Франсуа Мориак - Фарисейка
Когда я узнавал голос господина Пюибаро, я нередко, хотя и не всегда, под каким-нибудь предлогом выходил из своей комнаты поздороваться с ним, но гораздо чаще он заглядывал ко мне, чтобы перед уходом меня поцеловать. Мое обращение с ним изменилось одновременно с тем, как изменилось его положение в свете. Этот бедный, тощий человек в дешевеньком пальтишке, плохо защищавшем от холода, купленном в магазине готового платья, в нечищеных ботинках не мог внушить мне того чувства уважения, какое внушал своему любимчику классный наставник, облаченный в добротный сюртук.

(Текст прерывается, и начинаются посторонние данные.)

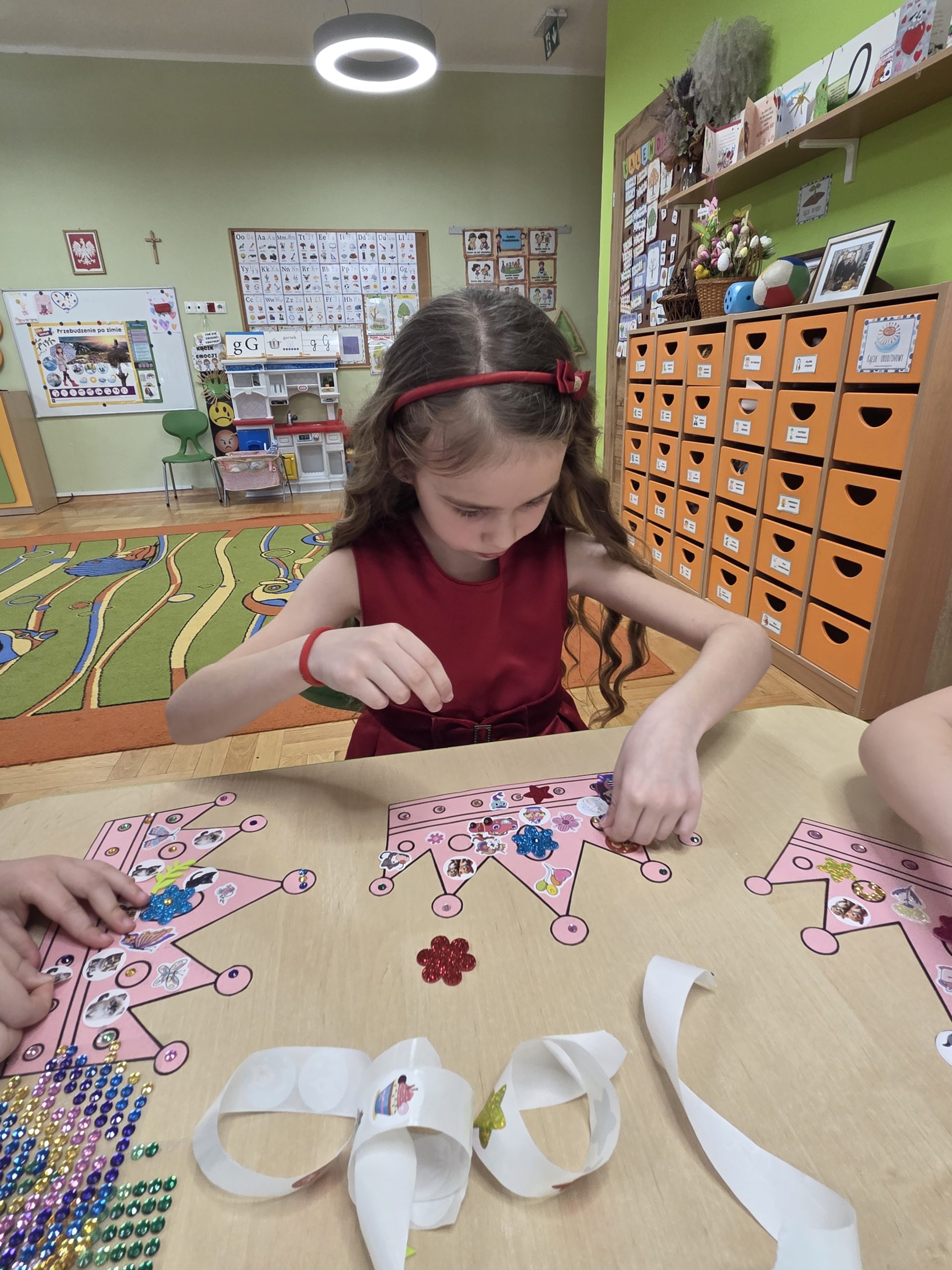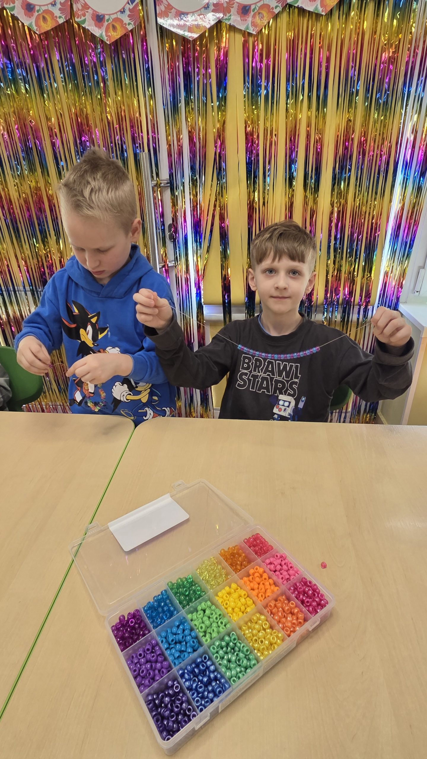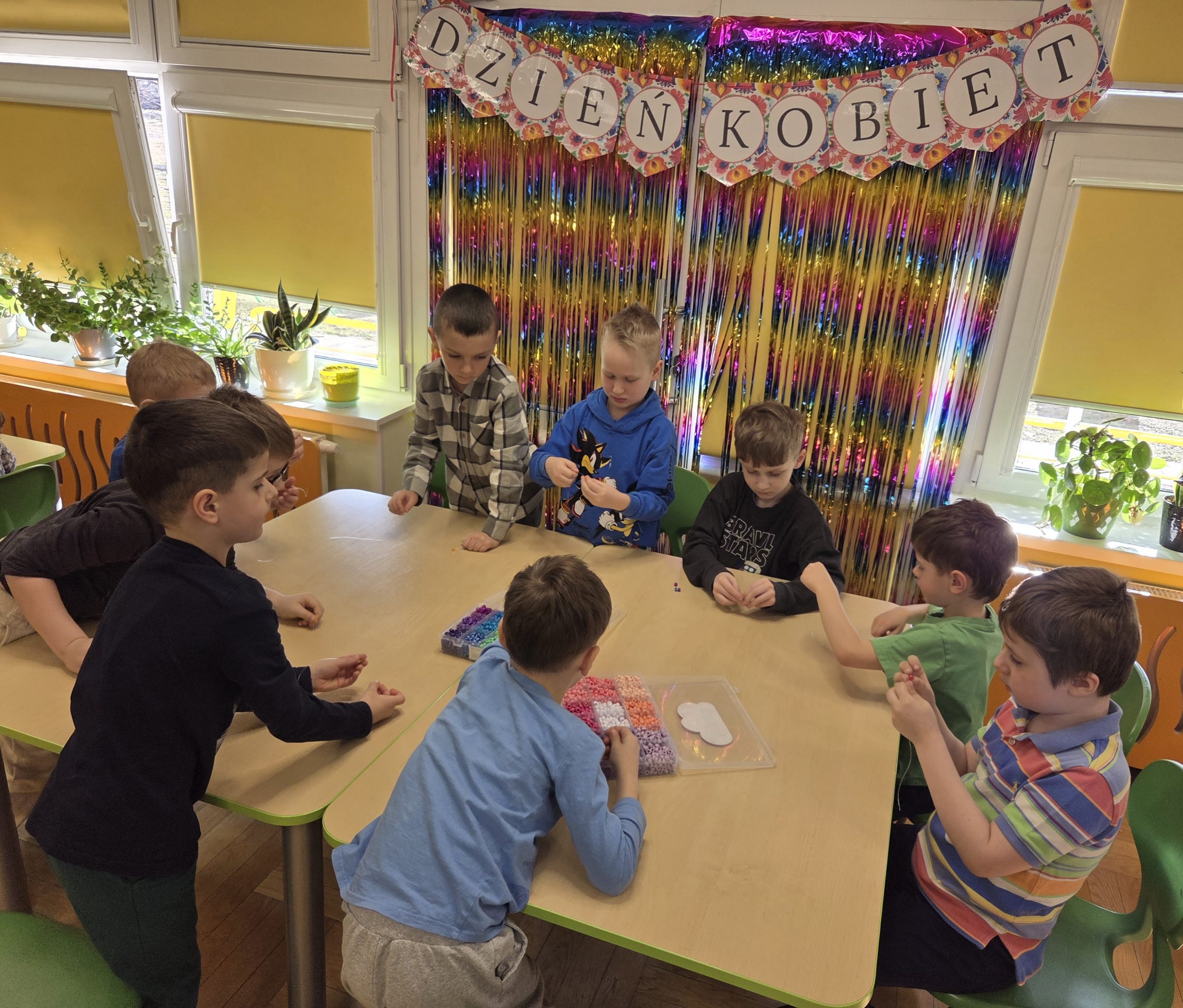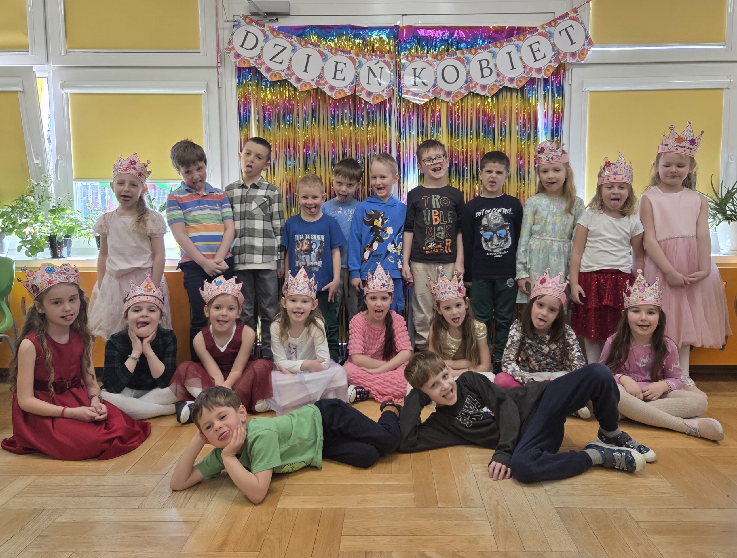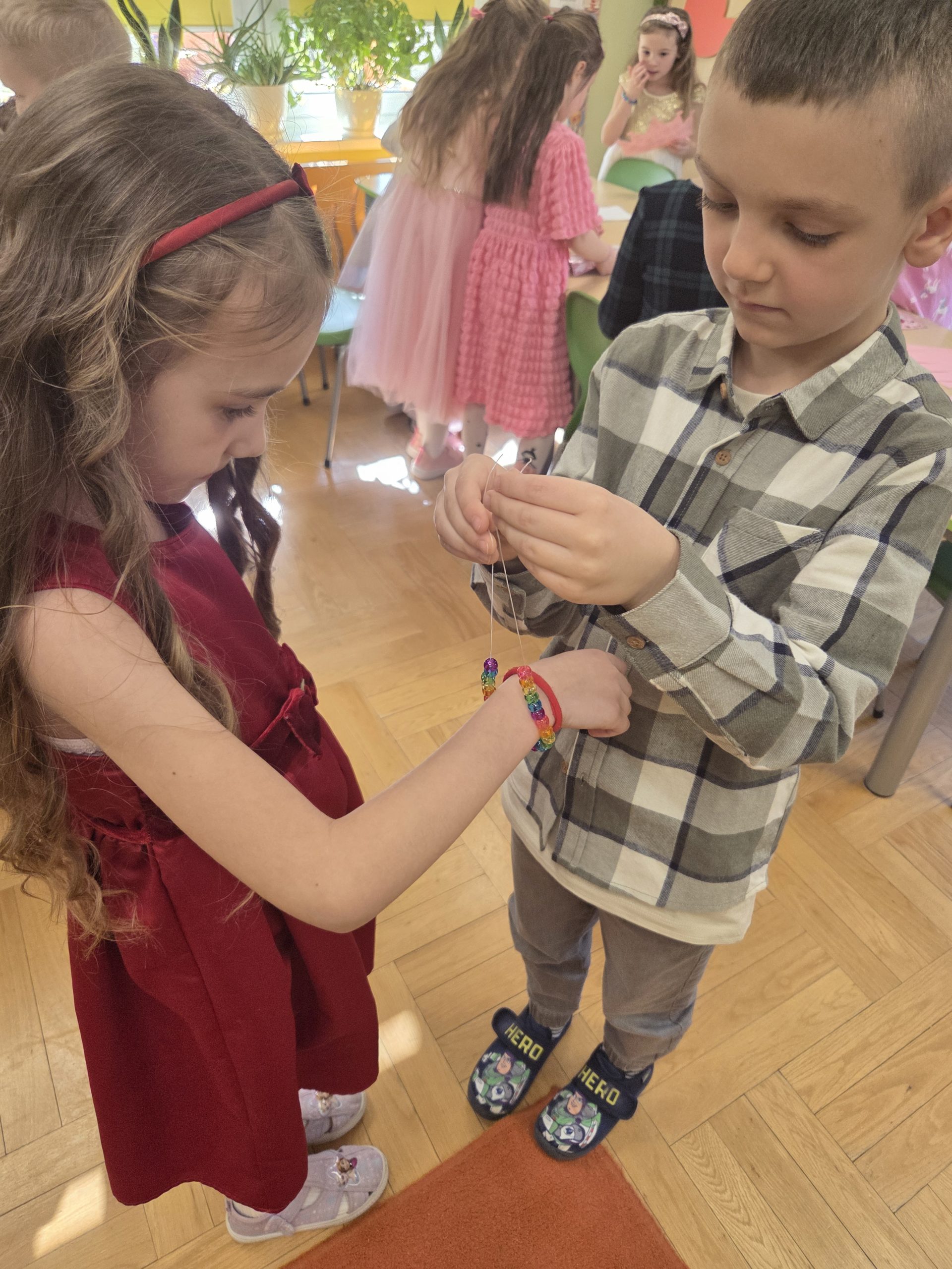 Dzisiaj w naszej grupie świętowaliśmy Dzień Kobiet w radosnej i twórczej atmosferze. Chłopcy z dużym zaangażowaniem przygotowywali dla dziewczynek i pań piękne bransoletki z koralików. Dziewczynki natomiast ozdabiały kolorowe korony, dzięki którym mogły poczuć się jak prawdziwe księżniczki. Nie zabrakło także świetnej zabawy przy piniacie – dziewczynki dzielnie w nią uderzały, zdobywając pyszne cukierki. Na zakończenie wszystkie dziewczynki otrzymały drobne prezenty, a chłopcy słodkie wafelki. To był bardzo miły i pełen uśmiechów dzień.

Справедливости ради добавлю, что вид его возбуждал во мне жалость или по крайней мере ощущение какой-то неловкости, которое мы испытываем при виде нашего нищенствующего брата и которое мы привыкли считать жалостью. Но когда я размышлял о несчастьях, выпавших на долю господина Пюибаро, признаюсь, я в какой-то мере разделял отношение к нему Бригитты Пиан и чуточку презирал его за то, что он мог поддаться искушению, смысл коего был мне еще не ясен, но уже и тогда я склонен был относиться к таким вещам с гадливостью и подозрением. Возможно, я не испытывал бы такой брезгливости к явным признакам падения, если бы в моих глазах они не были связаны с вопросами высшего порядка и если бы господин Пюибаро, женившись на Октавии, не отказался от своего положения лица полудуховного звания добровольно. Впрочем, тогдашняя моя точка зрения мало в чем изменилась: до сих пор я считаю, что все наши беды идут оттого, что мы не способны сохранить свою чистоту и что человечество, храня чистоту, избежало бы множества несчастий, гнетущих нас (даже тех, которые внешне не имеют прямого отношения к плотским страстям). Лишь очень малое число людей дало мне подлинное представление о благах любви и добра, и это были именно те, которые умели властвовать над своим сердцем и биением своей крови.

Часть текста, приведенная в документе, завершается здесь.